--- RECORDS FOR THE EXERCISE Enclosed Below ---
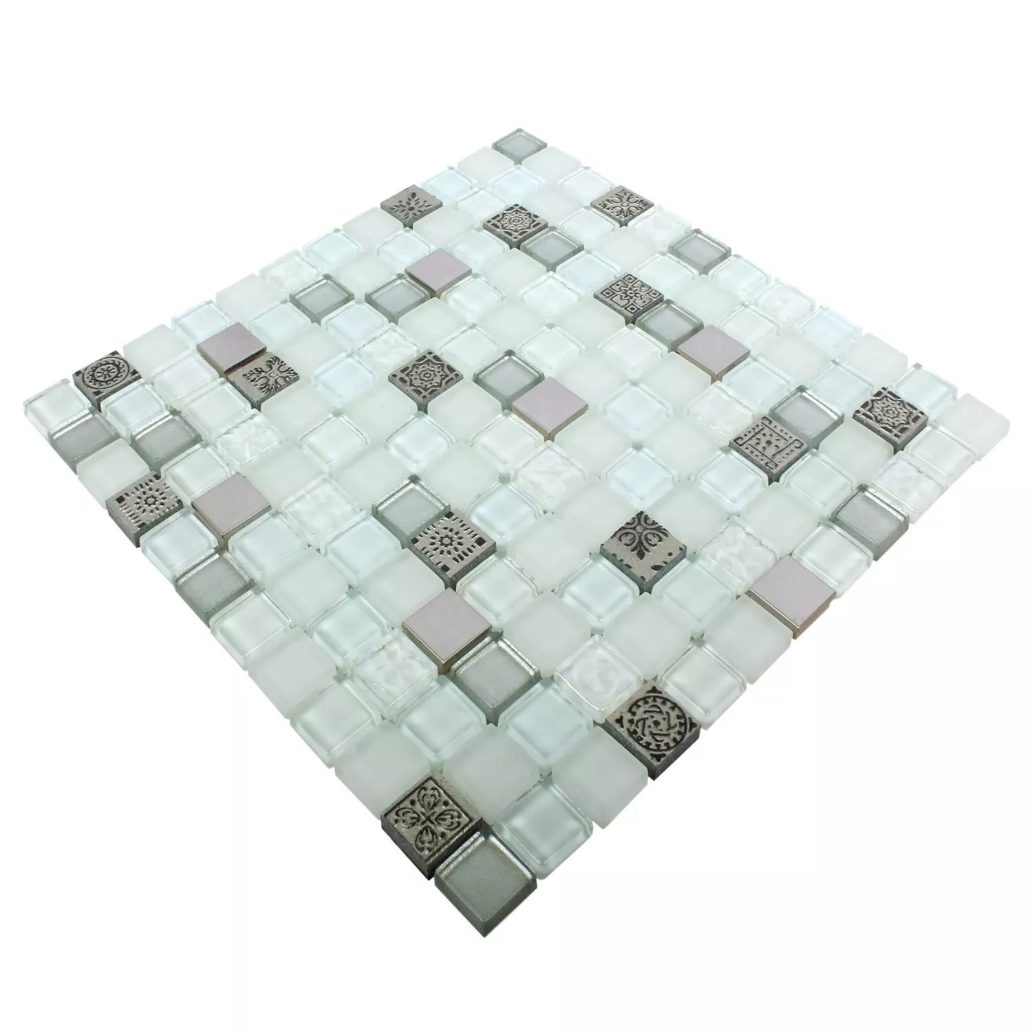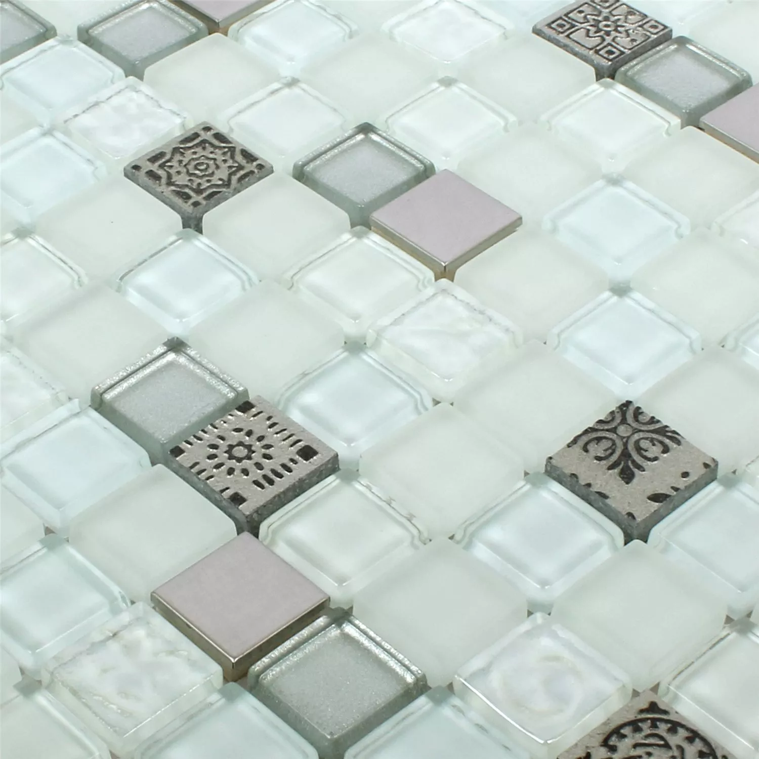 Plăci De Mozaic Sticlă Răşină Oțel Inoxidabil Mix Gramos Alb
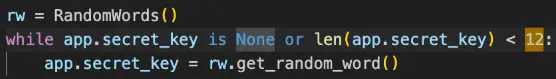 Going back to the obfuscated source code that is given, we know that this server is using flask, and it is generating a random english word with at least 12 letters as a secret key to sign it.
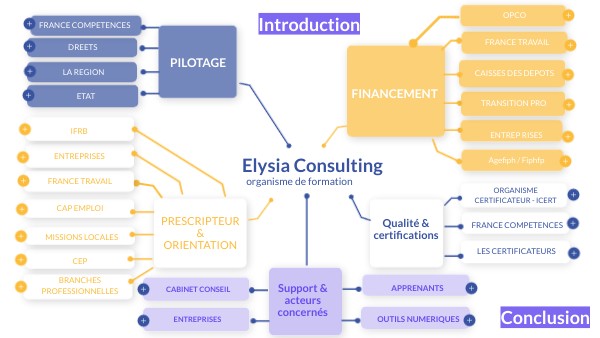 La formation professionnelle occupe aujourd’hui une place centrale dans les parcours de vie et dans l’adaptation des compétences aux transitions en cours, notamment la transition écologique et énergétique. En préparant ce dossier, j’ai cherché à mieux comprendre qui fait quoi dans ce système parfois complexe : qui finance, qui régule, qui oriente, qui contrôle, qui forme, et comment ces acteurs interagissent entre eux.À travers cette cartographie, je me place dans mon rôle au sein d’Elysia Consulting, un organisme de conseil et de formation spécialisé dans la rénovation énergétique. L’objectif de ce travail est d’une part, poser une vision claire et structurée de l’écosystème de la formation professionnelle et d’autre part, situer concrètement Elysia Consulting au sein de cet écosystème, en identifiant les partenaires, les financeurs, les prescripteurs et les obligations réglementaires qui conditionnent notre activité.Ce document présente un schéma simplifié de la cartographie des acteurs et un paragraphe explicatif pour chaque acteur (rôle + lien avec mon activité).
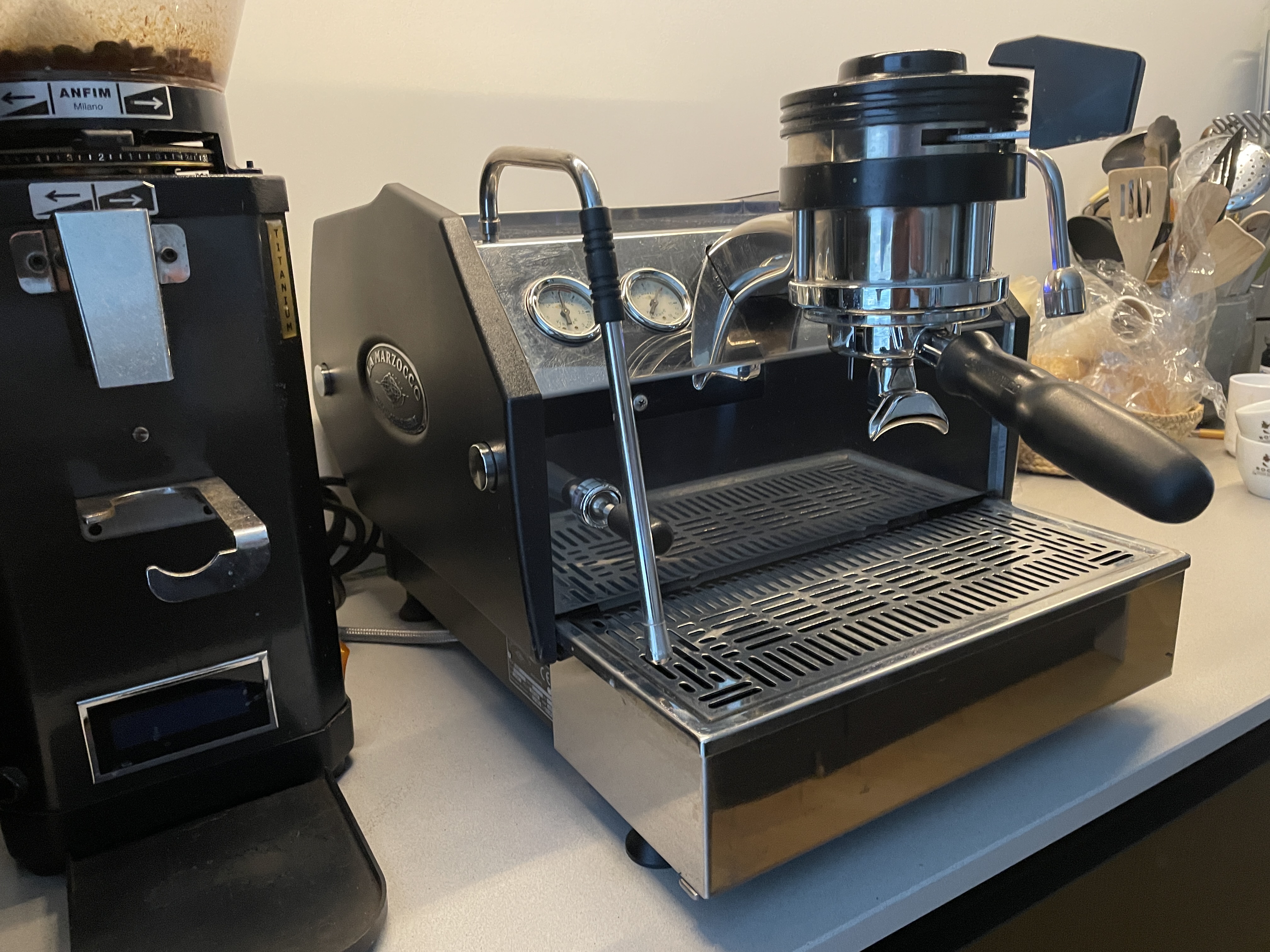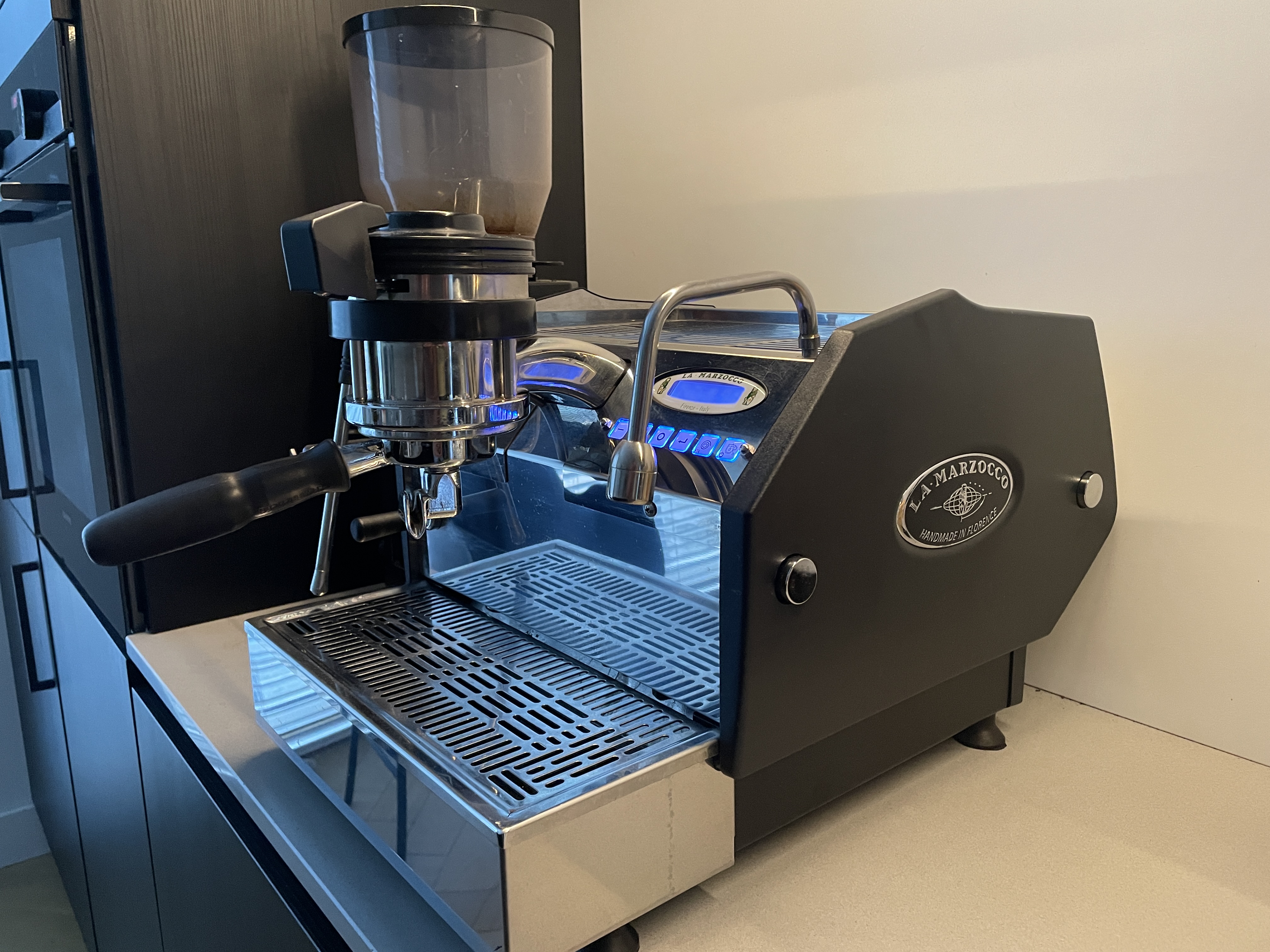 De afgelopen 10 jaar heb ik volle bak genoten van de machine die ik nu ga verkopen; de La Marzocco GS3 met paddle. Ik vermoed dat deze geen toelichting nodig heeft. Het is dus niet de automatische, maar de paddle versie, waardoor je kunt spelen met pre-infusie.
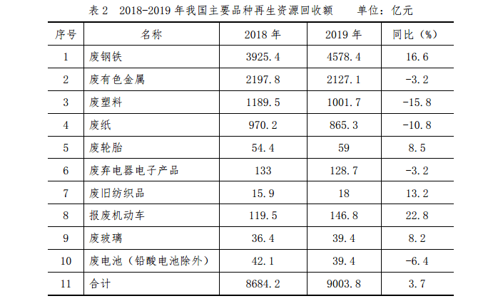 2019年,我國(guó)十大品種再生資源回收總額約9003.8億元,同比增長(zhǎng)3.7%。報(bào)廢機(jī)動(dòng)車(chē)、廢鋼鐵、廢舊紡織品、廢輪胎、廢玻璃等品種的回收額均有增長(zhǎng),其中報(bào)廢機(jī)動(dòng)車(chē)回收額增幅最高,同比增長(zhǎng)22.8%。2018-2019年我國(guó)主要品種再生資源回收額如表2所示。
--- End of Enclosed RECORDS FOR THE EXERCISE ---
- [EXERCISE] Reproduce all of the data exactly; the pictures do not belong in the copy.

- [WRITTEN ANSWER]
 Plăci De Mozaic Sticlă Răşină Oțel Inoxidabil Mix Gramos Alb
 Going back to the obfuscated source code that is given, we know that this server is using flask, and it is generating a random english word with at least 12 letters as a secret key to sign it.
 La formation professionnelle occupe aujourd’hui une place centrale dans les parcours de vie et dans l’adaptation des compétences aux transitions en cours, notamment la transition écologique et énergétique. En préparant ce dossier, j’ai cherché à mieux comprendre qui fait quoi dans ce système parfois complexe : qui finance, qui régule, qui oriente, qui contrôle, qui forme, et comment ces acteurs interagissent entre eux.À travers cette cartographie, je me place dans mon rôle au sein d’Elysia Consulting, un organisme de conseil et de formation spécialisé dans la rénovation énergétique. L’objectif de ce travail est d’une part, poser une vision claire et structurée de l’écosystème de la formation professionnelle et d’autre part, situer concrètement Elysia Consulting au sein de cet écosystème, en identifiant les partenaires, les financeurs, les prescripteurs et les obligations réglementaires qui conditionnent notre activité.Ce document présente un schéma simplifié de la cartographie des acteurs et un paragraphe explicatif pour chaque acteur (rôle + lien avec mon activité).
 De afgelopen 10 jaar heb ik volle bak genoten van de machine die ik nu ga verkopen; de La Marzocco GS3 met paddle. Ik vermoed dat deze geen toelichting nodig heeft. Het is dus niet de automatische, maar de paddle versie, waardoor je kunt spelen met pre-infusie.
 2019年,我國(guó)十大品種再生資源回收總額約9003.8億元,同比增長(zhǎng)3.7%。報(bào)廢機(jī)動(dòng)車(chē)、廢鋼鐵、廢舊紡織品、廢輪胎、廢玻璃等品種的回收額均有增長(zhǎng),其中報(bào)廢機(jī)動(dòng)車(chē)回收額增幅最高,同比增長(zhǎng)22.8%。2018-2019年我國(guó)主要品種再生資源回收額如表2所示。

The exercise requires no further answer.